● **THE INPUT**
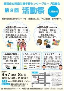 3月7日(土)・8日(日)西南生涯学習センターグループ協議会 第8回 活動祭
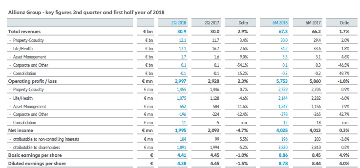 Allianz ha presentado esta mañana sus resultados del primer semestre del año donde refleja un beneficio neto de 4.025 millones de euros, con un incremento del 0,3%. El resultado en el segundo trimestre cayó un 4,7%.
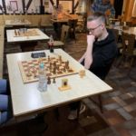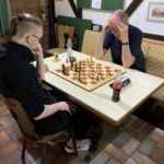 Zino war der mit Abstand jüngste Teilnehmer und konnte punktgleich mit Artem den fünften Platz belegen. Außerdem erhielt er den Jugendpreis und darf somit zweimal bei chess4u mit dem Internationalen Meister Christian Braun trainieren. Jonas konnte alle seine Partien gewinnen und entschied auch die Duelle mit den direkten Verfolgern souverän für sich. Außer in der letzten Partie gegen Peter Herröder wurde es spannend, weil ein Springer verloren ging.
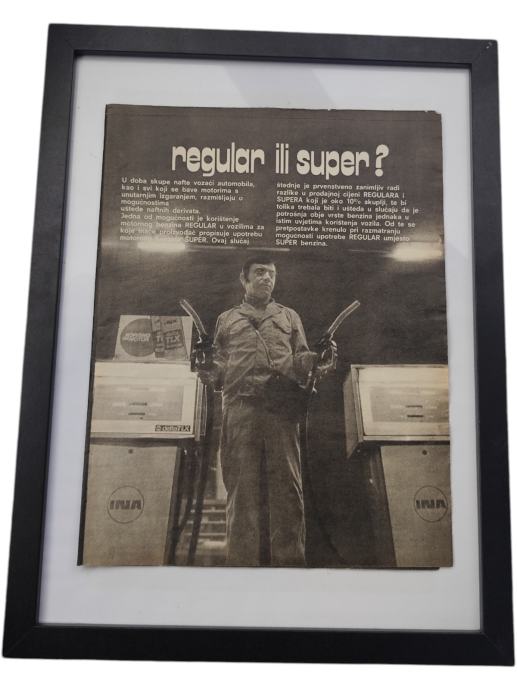 Autentična reklama za gorivo na benzinskoj postaji tvrtke INA. Industrijski i pomalo dokumentarni stil – sjajan komad za garažu, radionicu, itd...
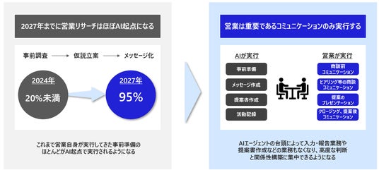 本提携では、AI時代における営業の役割を「顧客コミュニケーションに集中することによる成果の最大化」と定義し、「AIを使いこなす」のではなく「営業に当たり前にAIを装着する」ことで、業務生産性を高めることを目指します。
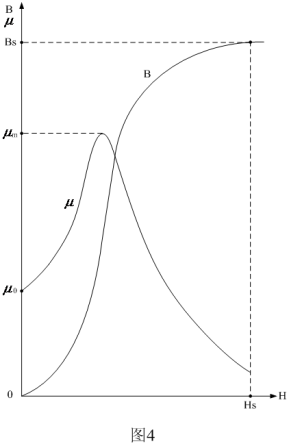 由圖4中可以看出,導(dǎo)磁率最大的地方并不是磁感應(yīng)強(qiáng)度或磁場強(qiáng)度最小或最大的地方,而是位于磁感應(yīng)強(qiáng)度或磁場強(qiáng)度的某個中間值的地方。當(dāng)導(dǎo)磁率達(dá)到最大值之后,導(dǎo)磁率將隨著磁感應(yīng)強(qiáng)度或磁場強(qiáng)度增大,而迅速下降;當(dāng)導(dǎo)磁率下降到將要接近0的時候,我們就認(rèn)為變壓器鐵芯已經(jīng)開始飽和。如圖中Bs和Hs。
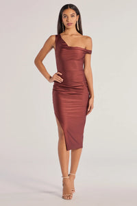Show off an iconic silhouette and flaunt your stunning curves in this midi dress designed with sleek and smooth knit fabric. It features an asymmetric off-shoulder neckline with a draped cowl design at the bust, ruched detailing, and a high-cut side slit.
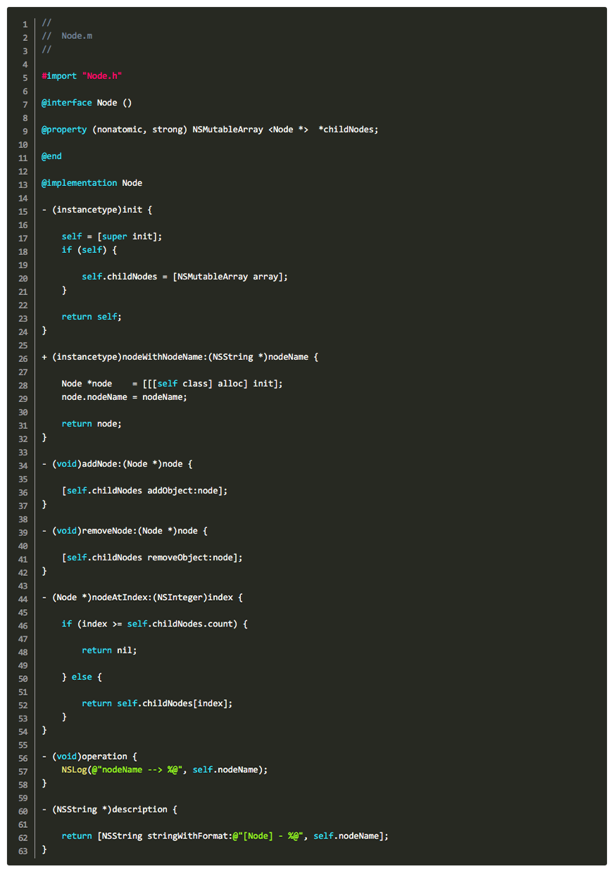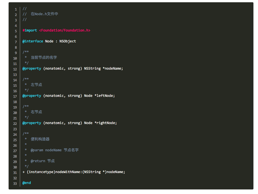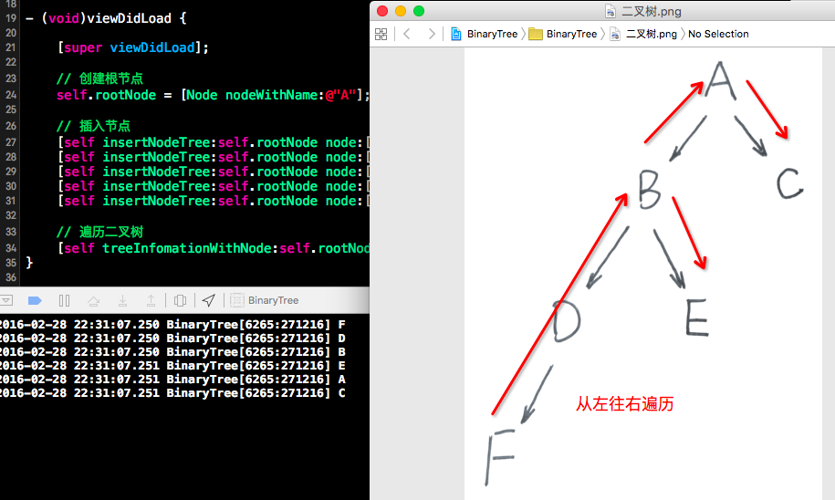 1-2、然後我們在ViewController.m去使用這個Node節點類來實現上面的二叉樹
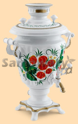 Каталог » Самовары ЭЛЕКТРИЧЕСКИЕ » Самовары электрические на 3л (расписные - цветы и ягоды) » Самовар электрический Клубника на белом (3л)
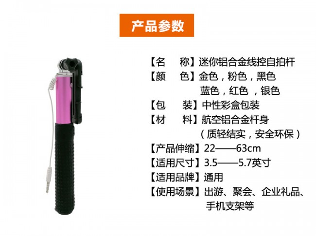 產品描述:60cm鋁合金自拍神器采用四節(jié)合金管,最大縮短長度僅有20CM,夾子精心設計可折疊,以致褲兜口袋都可攜帶,而且輕巧凈重僅僅有160g,航空鋁材質地輕,硬,安全,給您的手機最大程度的安全保障,拿在您的手中,完美、時尚又有檔次,是您和家人團聚,旅行,生活的最佳必備產品.
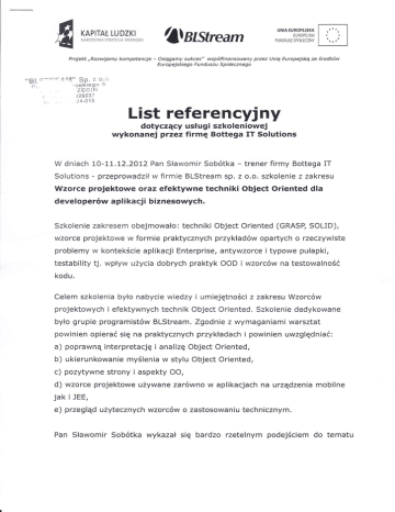 Szkolenie zakresem obejmowałol techniki Object Oriented (GRASą SOLID),
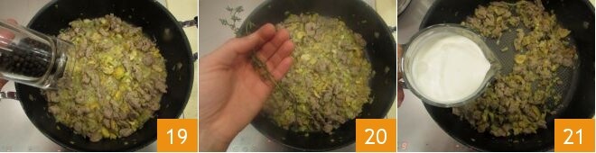 Baissez ensuite la flamme, tout en continuant à faire revenir le tout, en remuant de temps en temps : cuisez environ 10-15 minutes. Salez et poivrez 19, puis ajoutez les feuilles de thym 20 et ajoutez la crème fraîche 21.
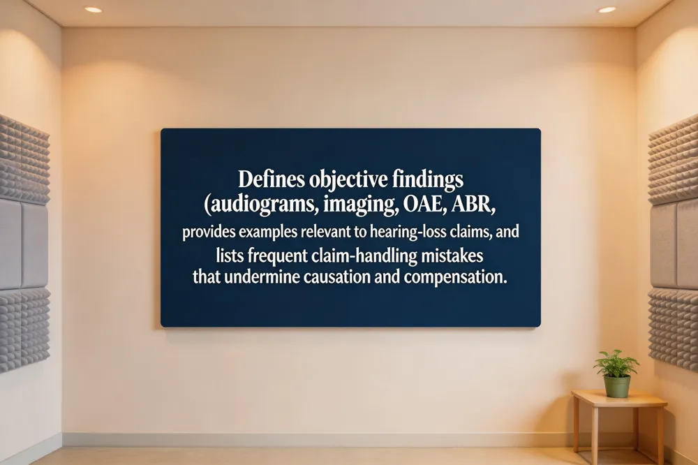 Objective medical findings are measurable, verifiable results that can be independently reviewed by qualified professionals. In the context of workplace injury claims, especially hearing‑loss cases, they include audiograms that record specific decibel thresholds at defined frequencies, tympanic‑membrane perforations documented on otoscopic images, and imaging studies such as MRI or CT scans that reveal inner‑ear pathology. Laboratory values (e.g., serum ototoxic drug levels) and functional test scores—like speech‑in‑noise performance—also qualify because they are reproducible and documented in the medical record.
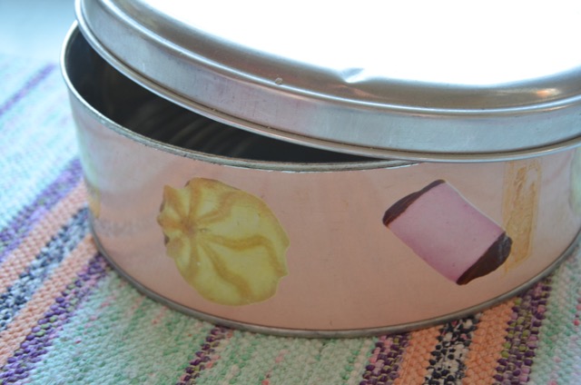 Finns det något som är så mysigt som att hitta gamla härliga prylar från förr! Häromdagen besökte jag mitt barndomshem, som jag till min stora glädje fortfarande har i min ägo, och i vanlig ordning rotade jag runt i skåp och lådor för att hitta ljusa och glada barndomsminnen. Och till min lycka hittade jag denna underbara kakburk, daterad någon gång tidigt 1960-tal. Snart ska jag fylla den med kakor inför helgens stundande kaffekalas. För sensommartid är tid för kafferep, den saken är klar!
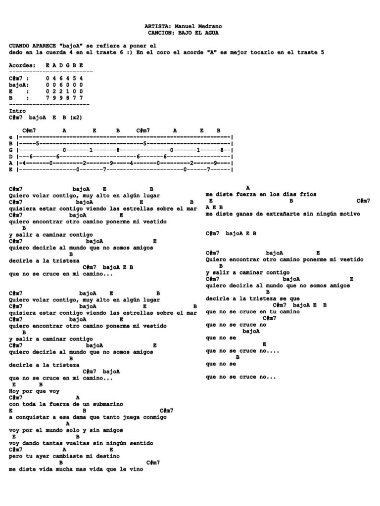 Manuel Medrano Bajo El Agua Letra Guitarra - Bajo el agua — manuel medrano.
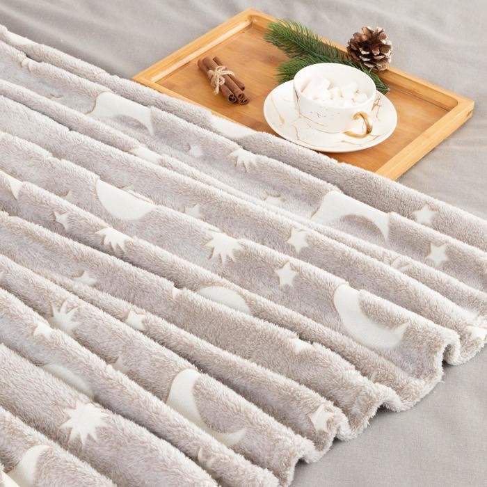 Плед светящийся в темноте Этель «Луна» 200*220 см,100% п/э, корал-флис
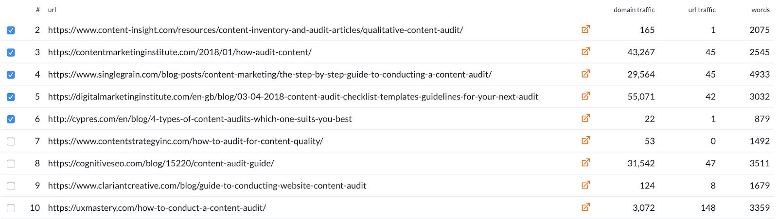 For my keyword “content audit criteria” for the UK, there are mostly articles, so I get relevant data on their word count. If your blog post is below those numbers from top positions, it’s time to sit down and write!
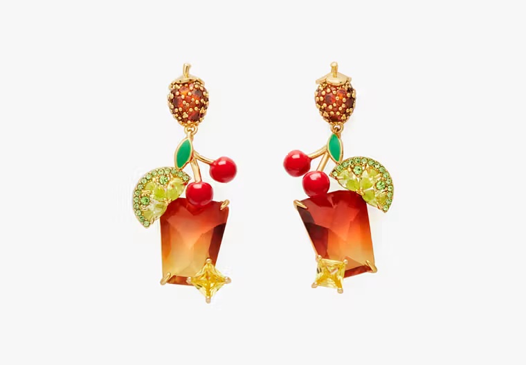 Kate Spade is a reliable source for fun, quirky fashion. These cocktail themed earrings featuring cherries, limes and strawberries rendered in enamel, crystals and cubic zirconia, are a suitable way to welcome the warmer months.
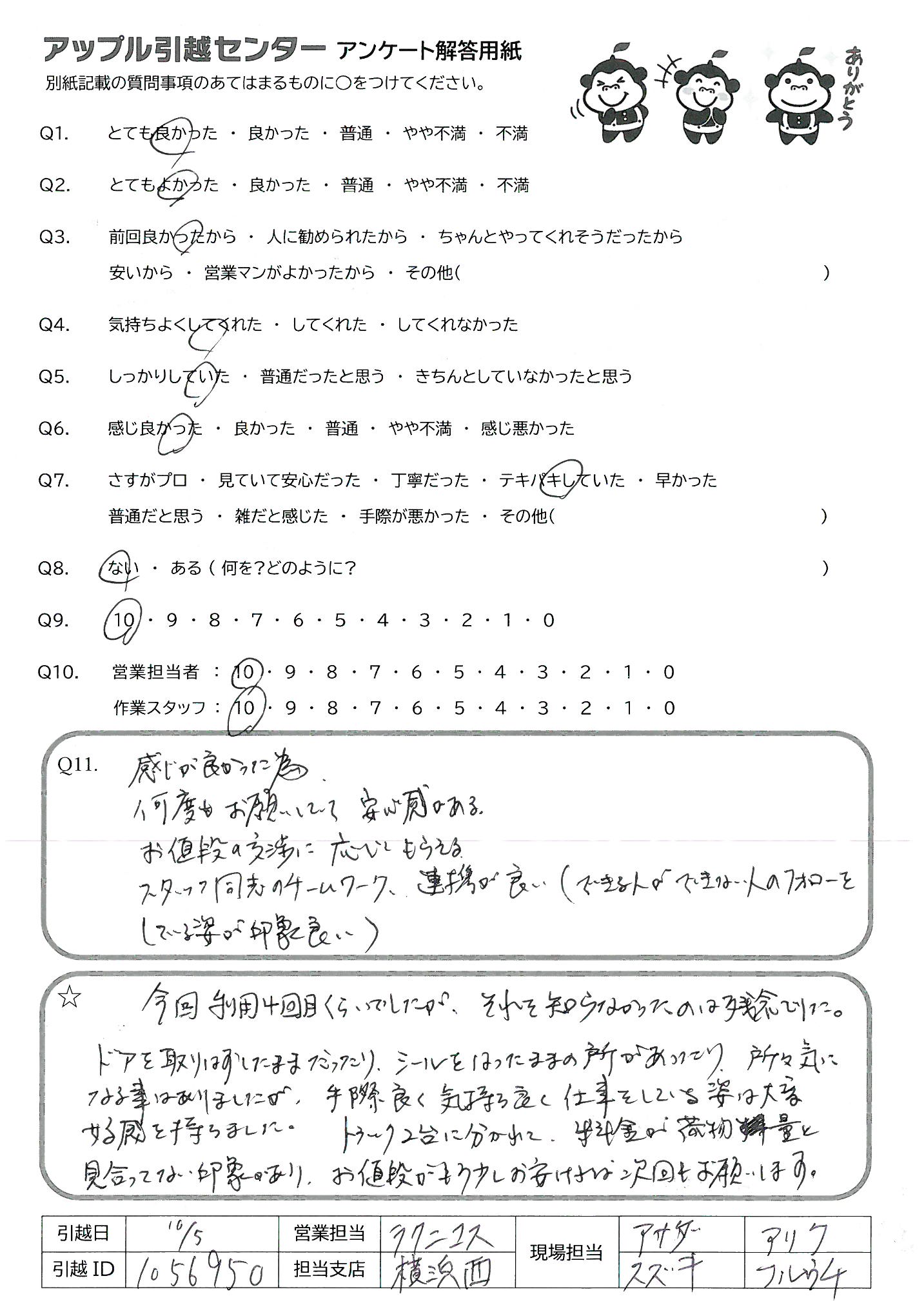 引越し日:2021年10月05日 エリア:神奈川県横浜市保土ケ谷区

● **ASSIGNED TASK**
Take every entry above and transcribe it exactly, with no pictures in the copy.

● **ANSWER SPACE**
 3月7日(土)・8日(日)西南生涯学習センターグループ協議会 第8回 活動祭
 Allianz ha presentado esta mañana sus resultados del primer semestre del año donde refleja un beneficio neto de 4.025 millones de euros, con un incremento del 0,3%. El resultado en el segundo trimestre cayó un 4,7%.
 Zino war der mit Abstand jüngste Teilnehmer und konnte punktgleich mit Artem den fünften Platz belegen. Außerdem erhielt er den Jugendpreis und darf somit zweimal bei chess4u mit dem Internationalen Meister Christian Braun trainieren. Jonas konnte alle seine Partien gewinnen und entschied auch die Duelle mit den direkten Verfolgern souverän für sich. Außer in der letzten Partie gegen Peter Herröder wurde es spannend, weil ein Springer verloren ging.
 Autentična reklama za gorivo na benzinskoj postaji tvrtke INA. Industrijski i pomalo dokumentarni stil – sjajan komad za garažu, radionicu, itd...
 本提携では、AI時代における営業の役割を「顧客コミュニケーションに集中することによる成果の最大化」と定義し、「AIを使いこなす」のではなく「営業に当たり前にAIを装着する」ことで、業務生産性を高めることを目指します。
 由圖4中可以看出,導(dǎo)磁率最大的地方并不是磁感應(yīng)強(qiáng)度或磁場強(qiáng)度最小或最大的地方,而是位于磁感應(yīng)強(qiáng)度或磁場強(qiáng)度的某個中間值的地方。當(dāng)導(dǎo)磁率達(dá)到最大值之后,導(dǎo)磁率將隨著磁感應(yīng)強(qiáng)度或磁場強(qiáng)度增大,而迅速下降;當(dāng)導(dǎo)磁率下降到將要接近0的時候,我們就認(rèn)為變壓器鐵芯已經(jīng)開始飽和。如圖中Bs和Hs。
Show off an iconic silhouette and flaunt your stunning curves in this midi dress designed with sleek and smooth knit fabric. It features an asymmetric off-shoulder neckline with a draped cowl design at the bust, ruched detailing, and a high-cut side slit.
 1-2、然後我們在ViewController.m去使用這個Node節點類來實現上面的二叉樹
 Каталог » Самовары ЭЛЕКТРИЧЕСКИЕ » Самовары электрические на 3л (расписные - цветы и ягоды) » Самовар электрический Клубника на белом (3л)
 產品描述:60cm鋁合金自拍神器采用四節(jié)合金管,最大縮短長度僅有20CM,夾子精心設計可折疊,以致褲兜口袋都可攜帶,而且輕巧凈重僅僅有160g,航空鋁材質地輕,硬,安全,給您的手機最大程度的安全保障,拿在您的手中,完美、時尚又有檔次,是您和家人團聚,旅行,生活的最佳必備產品.
 Szkolenie zakresem obejmowałol techniki Object Oriented (GRASą SOLID),
 Baissez ensuite la flamme, tout en continuant à faire revenir le tout, en remuant de temps en temps : cuisez environ 10-15 minutes. Salez et poivrez 19, puis ajoutez les feuilles de thym 20 et ajoutez la crème fraîche 21.
 Objective medical findings are measurable, verifiable results that can be independently reviewed by qualified professionals. In the context of workplace injury claims, especially hearing‑loss cases, they include audiograms that record specific decibel thresholds at defined frequencies, tympanic‑membrane perforations documented on otoscopic images, and imaging studies such as MRI or CT scans that reveal inner‑ear pathology. Laboratory values (e.g., serum ototoxic drug levels) and functional test scores—like speech‑in‑noise performance—also qualify because they are reproducible and documented in the medical record.
 Finns det något som är så mysigt som att hitta gamla härliga prylar från förr! Häromdagen besökte jag mitt barndomshem, som jag till min stora glädje fortfarande har i min ägo, och i vanlig ordning rotade jag runt i skåp och lådor för att hitta ljusa och glada barndomsminnen. Och till min lycka hittade jag denna underbara kakburk, daterad någon gång tidigt 1960-tal. Snart ska jag fylla den med kakor inför helgens stundande kaffekalas. För sensommartid är tid för kafferep, den saken är klar!
 Manuel Medrano Bajo El Agua Letra Guitarra - Bajo el agua — manuel medrano.
 Плед светящийся в темноте Этель «Луна» 200*220 см,100% п/э, корал-флис
 For my keyword “content audit criteria” for the UK, there are mostly articles, so I get relevant data on their word count. If your blog post is below those numbers from top positions, it’s time to sit down and write!
 Kate Spade is a reliable source for fun, quirky fashion. These cocktail themed earrings featuring cherries, limes and strawberries rendered in enamel, crystals and cubic zirconia, are a suitable way to welcome the warmer months.
 引越し日:2021年10月05日 エリア:神奈川県横浜市保土ケ谷区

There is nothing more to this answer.